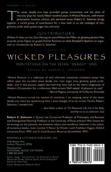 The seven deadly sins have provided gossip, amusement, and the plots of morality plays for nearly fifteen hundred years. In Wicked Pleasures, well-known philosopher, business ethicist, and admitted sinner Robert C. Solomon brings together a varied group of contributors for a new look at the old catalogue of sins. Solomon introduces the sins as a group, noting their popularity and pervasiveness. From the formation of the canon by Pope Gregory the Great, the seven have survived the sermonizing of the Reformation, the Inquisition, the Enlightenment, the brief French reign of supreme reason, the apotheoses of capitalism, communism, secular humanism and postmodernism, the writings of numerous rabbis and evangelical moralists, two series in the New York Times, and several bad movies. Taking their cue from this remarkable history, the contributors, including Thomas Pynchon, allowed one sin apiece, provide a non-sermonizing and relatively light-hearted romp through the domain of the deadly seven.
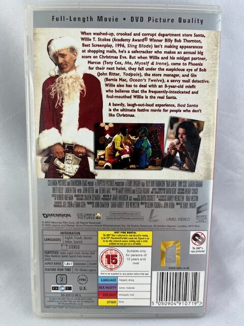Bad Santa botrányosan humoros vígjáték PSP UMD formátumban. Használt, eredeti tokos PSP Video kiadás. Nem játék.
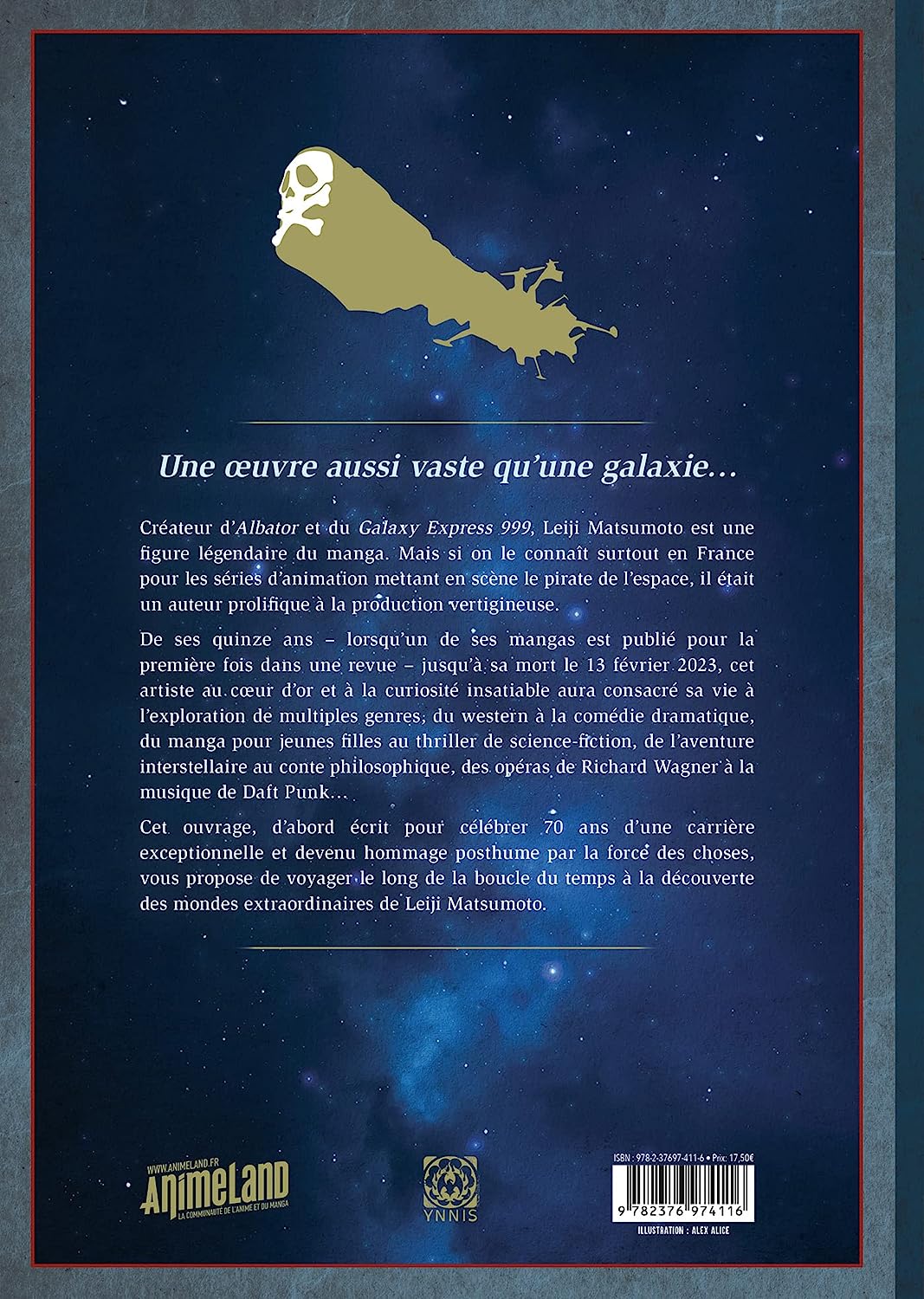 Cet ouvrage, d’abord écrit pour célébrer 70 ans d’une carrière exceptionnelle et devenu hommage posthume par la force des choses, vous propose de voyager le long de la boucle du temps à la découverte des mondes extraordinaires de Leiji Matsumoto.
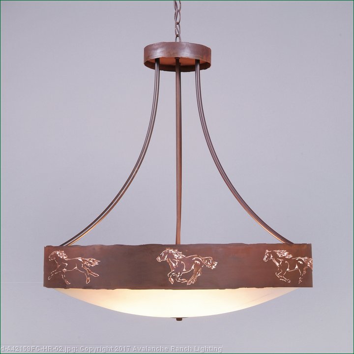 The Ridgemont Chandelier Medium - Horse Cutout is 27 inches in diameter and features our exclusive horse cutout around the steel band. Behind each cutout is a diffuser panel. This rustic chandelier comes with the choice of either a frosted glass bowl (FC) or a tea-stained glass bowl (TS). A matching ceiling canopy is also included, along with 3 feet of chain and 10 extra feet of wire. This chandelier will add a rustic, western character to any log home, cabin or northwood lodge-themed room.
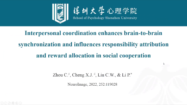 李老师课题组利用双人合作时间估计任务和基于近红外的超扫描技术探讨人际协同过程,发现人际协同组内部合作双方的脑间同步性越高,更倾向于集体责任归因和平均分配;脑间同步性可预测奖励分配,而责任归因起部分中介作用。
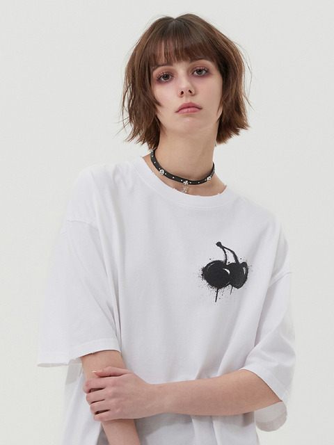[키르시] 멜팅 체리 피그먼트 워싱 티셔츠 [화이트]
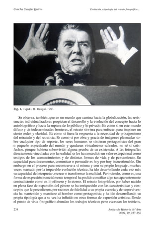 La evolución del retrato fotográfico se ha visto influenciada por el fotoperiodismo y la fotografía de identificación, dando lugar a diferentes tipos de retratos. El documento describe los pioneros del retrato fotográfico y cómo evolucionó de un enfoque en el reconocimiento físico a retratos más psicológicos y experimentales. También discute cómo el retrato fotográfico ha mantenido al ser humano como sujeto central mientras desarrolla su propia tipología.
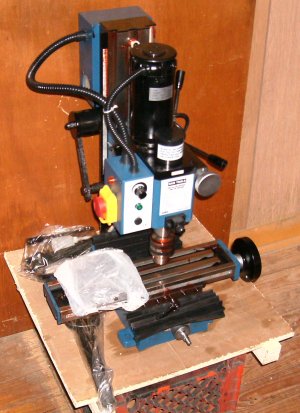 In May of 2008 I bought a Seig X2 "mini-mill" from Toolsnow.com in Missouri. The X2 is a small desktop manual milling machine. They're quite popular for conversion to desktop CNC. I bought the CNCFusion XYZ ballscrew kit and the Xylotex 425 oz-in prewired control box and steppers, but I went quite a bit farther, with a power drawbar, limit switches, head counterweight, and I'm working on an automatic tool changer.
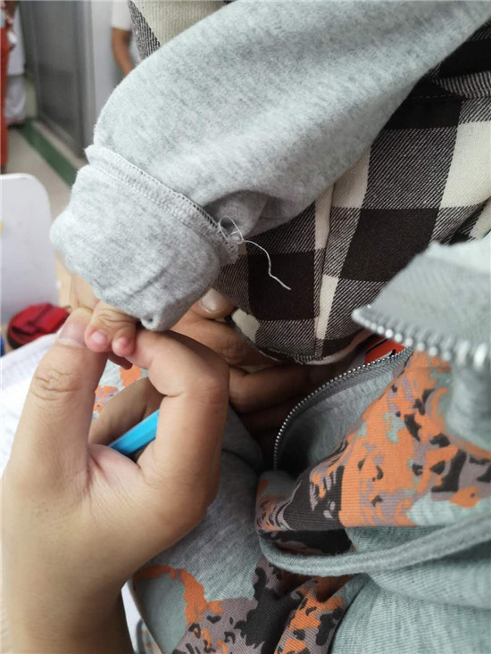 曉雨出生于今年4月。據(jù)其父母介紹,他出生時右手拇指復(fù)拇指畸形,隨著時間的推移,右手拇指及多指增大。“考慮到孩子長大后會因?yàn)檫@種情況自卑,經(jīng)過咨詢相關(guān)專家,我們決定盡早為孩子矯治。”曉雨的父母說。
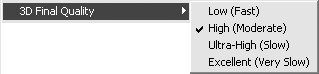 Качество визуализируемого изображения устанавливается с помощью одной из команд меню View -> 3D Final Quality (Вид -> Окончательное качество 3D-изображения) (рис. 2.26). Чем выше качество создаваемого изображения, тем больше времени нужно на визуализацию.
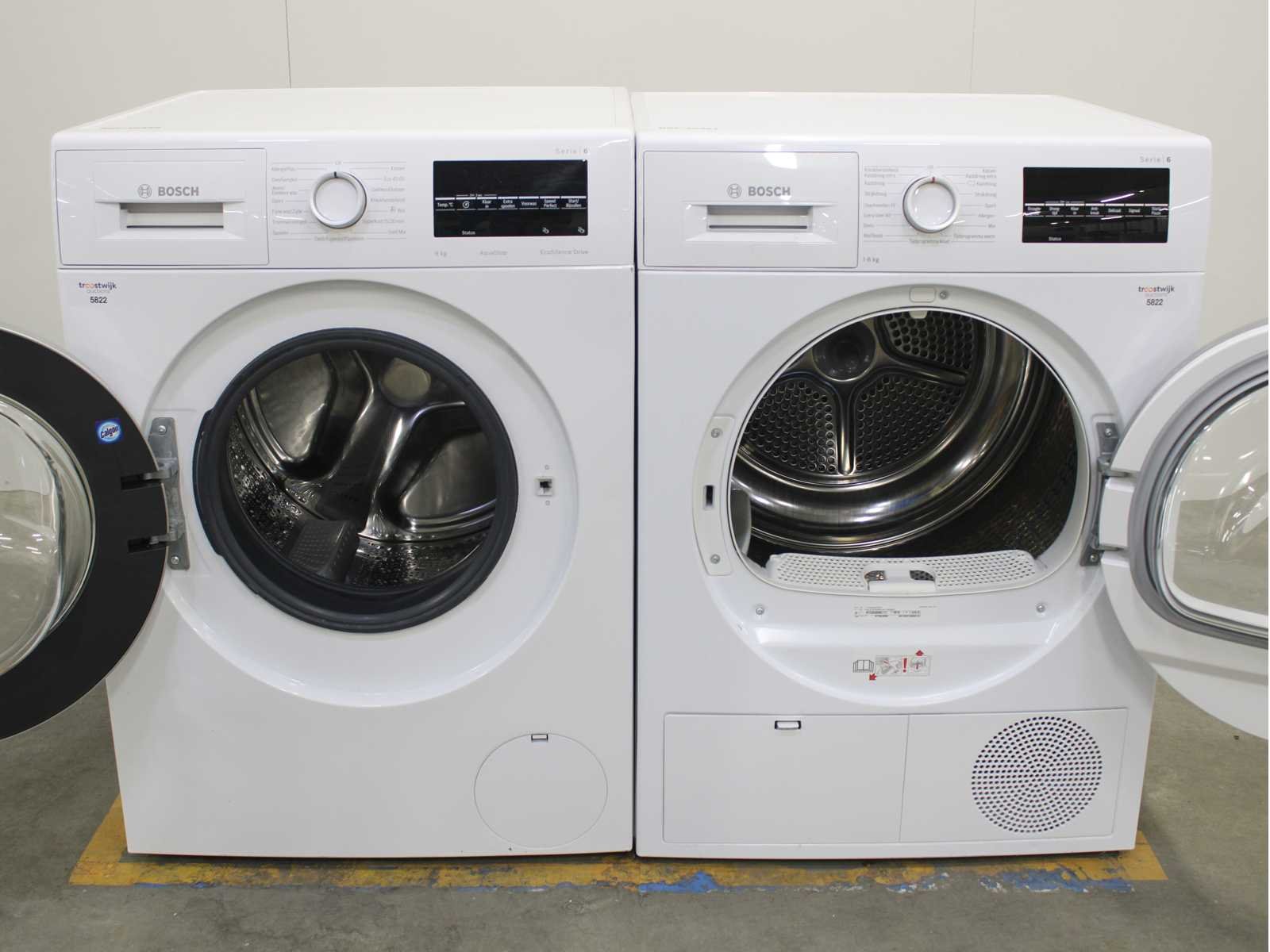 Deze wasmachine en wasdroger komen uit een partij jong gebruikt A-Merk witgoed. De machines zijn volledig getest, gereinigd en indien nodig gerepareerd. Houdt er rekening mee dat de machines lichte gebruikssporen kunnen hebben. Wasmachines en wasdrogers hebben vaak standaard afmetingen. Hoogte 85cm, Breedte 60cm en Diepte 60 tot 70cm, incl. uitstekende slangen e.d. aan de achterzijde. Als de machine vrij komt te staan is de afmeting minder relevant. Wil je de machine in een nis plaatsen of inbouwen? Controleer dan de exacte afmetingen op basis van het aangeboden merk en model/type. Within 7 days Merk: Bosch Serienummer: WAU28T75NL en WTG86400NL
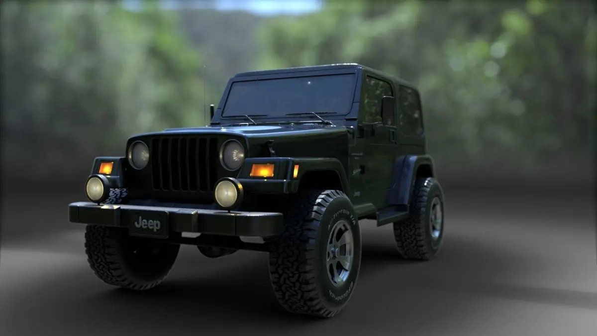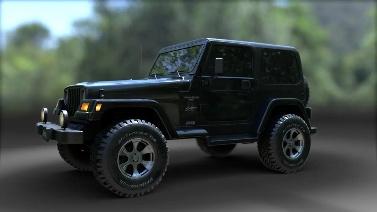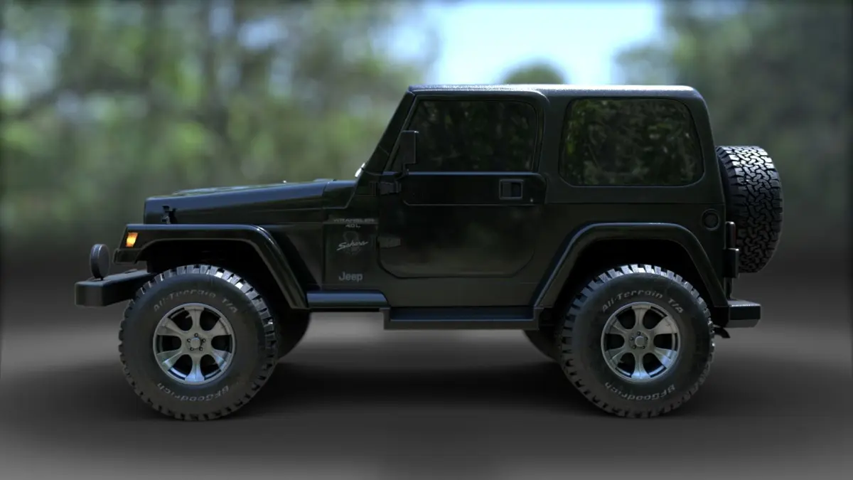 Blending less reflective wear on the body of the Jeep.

----

**EXERCISE INSTRUCTIONS**
Every line above gets copied exactly; none of the pictures do.

**ANSWER TO THIS PROBLEM**
 The seven deadly sins have provided gossip, amusement, and the plots of morality plays for nearly fifteen hundred years. In Wicked Pleasures, well-known philosopher, business ethicist, and admitted sinner Robert C. Solomon brings together a varied group of contributors for a new look at the old catalogue of sins. Solomon introduces the sins as a group, noting their popularity and pervasiveness. From the formation of the canon by Pope Gregory the Great, the seven have survived the sermonizing of the Reformation, the Inquisition, the Enlightenment, the brief French reign of supreme reason, the apotheoses of capitalism, communism, secular humanism and postmodernism, the writings of numerous rabbis and evangelical moralists, two series in the New York Times, and several bad movies. Taking their cue from this remarkable history, the contributors, including Thomas Pynchon, allowed one sin apiece, provide a non-sermonizing and relatively light-hearted romp through the domain of the deadly seven.
Bad Santa botrányosan humoros vígjáték PSP UMD formátumban. Használt, eredeti tokos PSP Video kiadás. Nem játék.
 Cet ouvrage, d’abord écrit pour célébrer 70 ans d’une carrière exceptionnelle et devenu hommage posthume par la force des choses, vous propose de voyager le long de la boucle du temps à la découverte des mondes extraordinaires de Leiji Matsumoto.
 The Ridgemont Chandelier Medium - Horse Cutout is 27 inches in diameter and features our exclusive horse cutout around the steel band. Behind each cutout is a diffuser panel. This rustic chandelier comes with the choice of either a frosted glass bowl (FC) or a tea-stained glass bowl (TS). A matching ceiling canopy is also included, along with 3 feet of chain and 10 extra feet of wire. This chandelier will add a rustic, western character to any log home, cabin or northwood lodge-themed room.
 李老师课题组利用双人合作时间估计任务和基于近红外的超扫描技术探讨人际协同过程,发现人际协同组内部合作双方的脑间同步性越高,更倾向于集体责任归因和平均分配;脑间同步性可预测奖励分配,而责任归因起部分中介作用。
[키르시] 멜팅 체리 피그먼트 워싱 티셔츠 [화이트]
 La evolución del retrato fotográfico se ha visto influenciada por el fotoperiodismo y la fotografía de identificación, dando lugar a diferentes tipos de retratos. El documento describe los pioneros del retrato fotográfico y cómo evolucionó de un enfoque en el reconocimiento físico a retratos más psicológicos y experimentales. También discute cómo el retrato fotográfico ha mantenido al ser humano como sujeto central mientras desarrolla su propia tipología.
 In May of 2008 I bought a Seig X2 "mini-mill" from Toolsnow.com in Missouri. The X2 is a small desktop manual milling machine. They're quite popular for conversion to desktop CNC. I bought the CNCFusion XYZ ballscrew kit and the Xylotex 425 oz-in prewired control box and steppers, but I went quite a bit farther, with a power drawbar, limit switches, head counterweight, and I'm working on an automatic tool changer.
 曉雨出生于今年4月。據(jù)其父母介紹,他出生時右手拇指復(fù)拇指畸形,隨著時間的推移,右手拇指及多指增大。“考慮到孩子長大后會因?yàn)檫@種情況自卑,經(jīng)過咨詢相關(guān)專家,我們決定盡早為孩子矯治。”曉雨的父母說。
 Качество визуализируемого изображения устанавливается с помощью одной из команд меню View -> 3D Final Quality (Вид -> Окончательное качество 3D-изображения) (рис. 2.26). Чем выше качество создаваемого изображения, тем больше времени нужно на визуализацию.
 Deze wasmachine en wasdroger komen uit een partij jong gebruikt A-Merk witgoed. De machines zijn volledig getest, gereinigd en indien nodig gerepareerd. Houdt er rekening mee dat de machines lichte gebruikssporen kunnen hebben. Wasmachines en wasdrogers hebben vaak standaard afmetingen. Hoogte 85cm, Breedte 60cm en Diepte 60 tot 70cm, incl. uitstekende slangen e.d. aan de achterzijde. Als de machine vrij komt te staan is de afmeting minder relevant. Wil je de machine in een nis plaatsen of inbouwen? Controleer dan de exacte afmetingen op basis van het aangeboden merk en model/type. Within 7 days Merk: Bosch Serienummer: WAU28T75NL en WTG86400NL
 Blending less reflective wear on the body of the Jeep.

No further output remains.